You came here to provide a better life for your kids, just as my parents did. But, you cannot expect children to live like an American outside the home, but live like your heritage in your home. That's too hard. The kid will feel like they don't belong anywhere.

It is unfair for immigrant parents to expect the children to completely adhere to the norms of customs of a country that they don't even live in and aren't surrounded by when they are outside the house. And eventually, they will spend more time outside your house and out of your influence than in it.

Having stated that, I don't accept back talking from my kids. No way. But, they have more freedoms than I ever did, and that's ok as long as they care about their education, have goals, and are moral and responsible people.

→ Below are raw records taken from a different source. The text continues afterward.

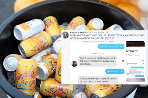 They say it’s a small world, and perhaps you’ve had six-degrees-of-separation experiences, too. For instance, dating-wise, maybe you and a friend match with the same person on Tinder … and OkCupid … and Bumble. Or you befriend someone at a party, only to realize you have more than 50 mutual friends on Facebook. How did you not know each other before?! Well, on December 17 via Tinder, Emily, 18, matched and messaged with a guy, Drew, 19, who’d just found a case of LaCroix on the sidewalk — and also matched and messaged with the guy, Raymond, 20, whose “drinks” had just been taken off the sidewalk. So, yes, within about a half-hour, she matched with the LaCroix thief and the LaCroix victim.
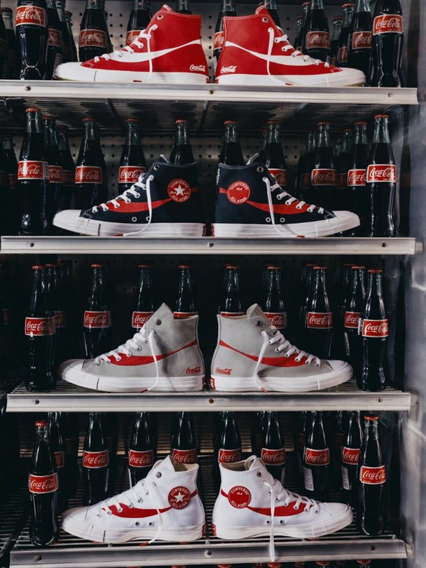 Converse x Coca-Cola koleksiyonundan kırmızı çiftin 9 Ekim'de, siyah ve gri çiftlerin ise daha sonra piyasaya sürülmesi planlanıyor.
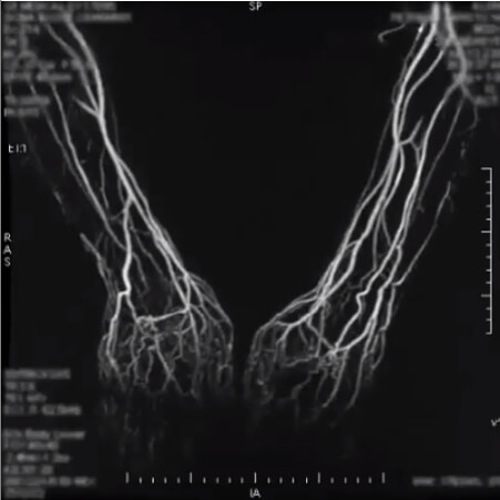 This second image is a 4D sequence of an upper extremity MRA. A 4D-sequence, which is a 3D-sequence with a fast time resolution. The volume is refreshed very quickly.
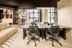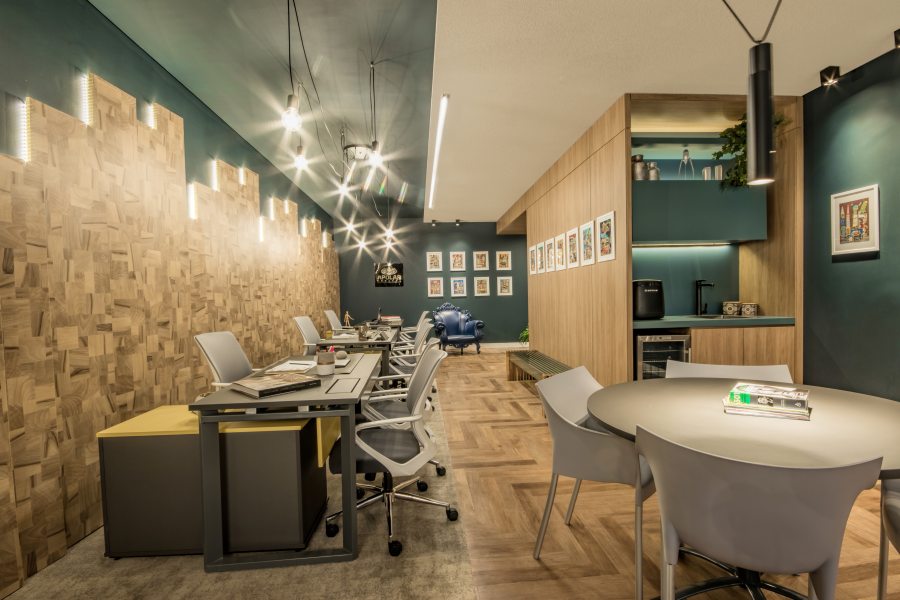 Com a proposta de oferecer um espaço funcional que propicie o compartilhamento de ideias, o premiado escritório Bender Arquitetura assina o espaço de 93m² com uma concepção inovadora. O ambiente possui paleta de cores neutra, a fim de estimular a fluidez dos pensamentos, com destaque para o sofá modular elétrico e as mesas automatizadas. Além da cuba em aço inox da Deca, um dos lançamentos do ano. A iluminação com o Tensoflex e a área “instagramável” também chamam atenção no coworking.
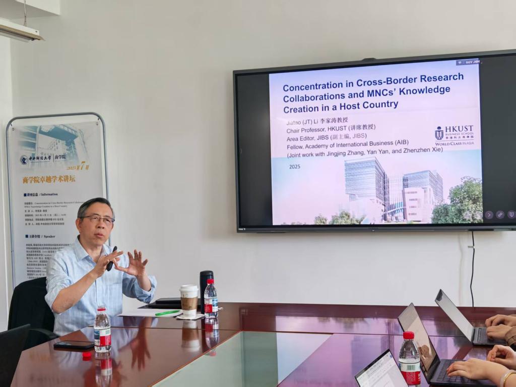 2025年4月22日下午,星空XK体育在学院南路校区主教学楼615会议室成功举办了星空XK体育卓越学术讲坛2025年第七期讲座,此次讲座也是星空XK体育2024年启动的“重点期刊学院行”的重要学术活动之一。本次讲座邀请了香港科技大学星空XK体育利国伟商学讲席教授李家涛教授作为主讲嘉宾。星空XK体育的教师、博士研究生、硕士研究生以及其他高校的学者参加了此次活动。
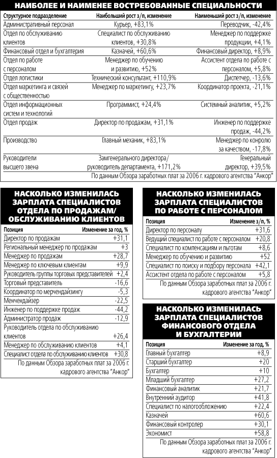 За прошлый год спрос на финансистов и бухгалтеров вырос на 80%, объясняет лидирующие позиции этой группы специалистов Виктория Простова, рекрутер финансового направления “Анкора”: “Компания становится больше, а значит, и штат финансового отдела расширяется”. Простова не исключает, что рост и спроса, и зарплат данной категории персонала предопределен модой российских компаний на IPO. На повышение цены финансиста или бухгалтера влияют завышенные требования выпускников вузов, а также привычка компаний перекупать у конкурентов работников, профессионализм которых часто не соответствует предложенной сумме, констатирует она.

You can teach your children about your culture; celebrate the holidays; teach them your language, but you cannot expect them to not be like an American in most ways. Again, that doesn't mean you let the kids be disrespectful, though I don't necessarily think that this is solely an American trait.


What do you define as backtalk? Can you give an example of what your red line looks like and how you handle it?

What one person might call back talk, another might say they are expressing themselves honestly. What one person might call a parent teaching responsibility and morality, another might call it oppressive and authoritarian.

It's the tone and manner of speaking. They can, of course, share their feelings and what they are thinking, but they are not allowed to get sassy or mouthy, and speak to me like I'm an idiot or like I'm their friend.

Moral and responsible may be subjective, but there are baseline thresholds. Treat others as you want to be treated; own up to your mistakes; be respectful of people as much as possible; be responsible with your things and not act entitled.

I have told them many many times since they were kids to be respectful of their teachers, even if their teachers are terrible. You don't have to like them, but be respectful as much as possible. I cannot imagine trying to teach kids who are completely disrespectful of me. My hats off to those teachers.



This sounds reasonable to me. What do you do if they break one of these rules?